Bingöl Milletvekili Yusuf Coşkun'un konuşmasının ardından konuşan Devlet Bakanı Cevdet Yılmaz ise, Bingöl'de kot taşlama atölyelerinde çalışıp da Slikozis hastalığı yakalanan kişilerin kendisini Ankara'da ziyaret ettiğini aktararak, “Slikozis hastalığına yakalanan arkadaşlarımın sorunu için kendileriyle konuştum. Bu arkadaşlarımızın sorunlarının çözümü için gerekli mercilere ilettim. Ama bu sürecin kolay olmadığını biliyoruz. Bu sorunun çözümü için elimizden gelen yardımı yapacağız” diye ifade etti.
Devlet merkezli değil de insan merkezli siyasetin yapılması gerektiğine vurgu yapan Devlet Bakanı Yılmaz, “Anayasamızın da insan merkezli olması lazım, bürokrasimizin de insan merkezli bir şekilde işlemesi lazım ve sivil toplumum kuruluşlarımızın da insan merkezli olması lazım. Bu nedenle insan merkezli olarak sorunlara yaklaşmamız lazım. Bunu yaptığımız zaman aynı medeniyeti, aynı tarihi, aynı kültürü paylaştığımız ve birçok konuda acı çektiğimiz toplumu yaratmalıyız. Türkiye'nin neresine giderseniz gidin büyük oranda ortak noktalara sahibiz. Ama farklı noktalarda var. Genellikle ortak olduğumuz noktalarla aynı anda yaşamak zorundayız. Farklılıklarımız bizi dışlayan şeyler değildir. Aynı anda hem ortağınız hem farklıyız. Büyük oranda birbirimizden farklıyız ama ortak noktalarımızda var. Herkesin kendine göre gelenekleri var, adetleri var, dili var, inancı var ve buna benzer birçok farklılıklar var ve bu farklılıklar bizim huzurlu bir şekilde yaşamamıza engel değildir. Yüzyıllardır atalarımız farklılıklara rağmen bir arada yaşamışlar. Maalesef 21. yüzyılda bu tarihi zenginliğimizi ihmal ediyoruz.
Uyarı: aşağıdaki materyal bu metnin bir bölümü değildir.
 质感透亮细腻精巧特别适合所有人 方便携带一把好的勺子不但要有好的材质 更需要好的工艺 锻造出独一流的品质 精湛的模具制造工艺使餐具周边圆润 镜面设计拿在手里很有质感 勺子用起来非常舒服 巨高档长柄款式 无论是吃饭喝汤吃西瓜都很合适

Hâlbuki bizim tarihimizde bu zenginlik var ve bu güzel zenginliğimize bakmamız lazım. Bence baktığımız zaman birçok sorunu çözülmesi çok kolay olacaktır. Bu nedenle geçmişimize bakmamız gerekiyor. Hepimiz bu ülkede eşit bir şekilde ve hiçbir şekilde kendimizi dışlanmış hissetmeden yaşamak zorundayız. Dinimiz ne olursa olsun, etnik kimliğimiz ne olursa olsun, bu coğrafyada huzurlu bir şekilde yaşamalıyız” ifadelerini kullandı.
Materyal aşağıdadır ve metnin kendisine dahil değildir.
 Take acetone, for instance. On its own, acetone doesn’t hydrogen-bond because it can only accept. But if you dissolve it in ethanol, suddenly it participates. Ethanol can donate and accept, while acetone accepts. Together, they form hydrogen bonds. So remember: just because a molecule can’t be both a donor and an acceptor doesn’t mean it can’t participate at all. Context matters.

Türkiye'de yaşayan herkesin birinci sınıf vatandaş olduğunu belirten Bakan Yılmaz, “Uzun zamandır ülkemizde şu veya bu şekilde çatışmalar yaşanıyor. Şiddet kullananlar aslında kendi fikirlerine güvenmiyorlar. Başkalarına zorla bir şeyler yaptırmaya çalışanlar, şiddet kullananlar demek ki kendilerinden emin değiller. Fikirlerinden emin değiller. Eğer emin olsalar yapmaları gereken, dertlerini anlatıp konuşmalarıdır. Ne dertleri, fikirleri varsa anlatmalıdırlar. Bir de biraz sabırlı olunmalıdır. Konuşmak sabır ister. Şiddetin ise sabra ihtiyacı yok. Yıkmak nasıl olsa çok kolay bir şeydir. Patlarsınız, bağırırsınız, kırarsınız bunun sabra ihtiyacı yok. Fakat konuşmak, derdini anlatmak sabır isteyen bir şeydir. Bu sabrı da herkesin göstermesi gerekir” diye konuştu.
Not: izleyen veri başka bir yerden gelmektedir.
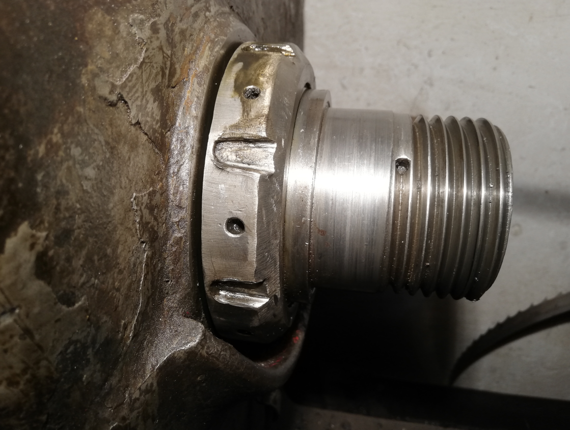 ona sa nedá vykrútiť uplne pretože tento výstupok na vretene tomu bráni a ako som ju povoľoval tak vdaka tomu sa pohlo vreteno smerom k suportu

Herkesin kendini bu ülkenin sahibi olarak görmesi gerektiğini belirten Bakan Yılmaz, son günlerde huzuru bozucu şiddet kültürünün yaygınlaştığını dile getirerek, “Hepimizin gerçekten bu ülkede eşit hiçbir şekilde kendini dışlanmış hissetmeyen vatandaşlar olarak görüp yaşaması gerekiyor. Dinimiz, etnik kimliğimiz, inancımız ne olursa olsun bu coğrafyayı hep birlikte paylaşıyoruz. Kimse burada misafir değil. Hiç kimsenin farklı bir konumu da yok. Herkes bu ülkeyi paylaşıyor. Herkes bu ülkeye bir yerinden katkıda bulunuyor ve kendisini bu ülkenin sahibi olarak görüyor. Bizim anlayışımız bu şekildedir. Ama maalesef uzun zamandır bazı çatışmalar yaşıyoruz. Şiddet kültürü yaygınlaşıyor. Özellikle de gençlerimiz bunu yaygınlaştırıyor” şeklinde konuştu.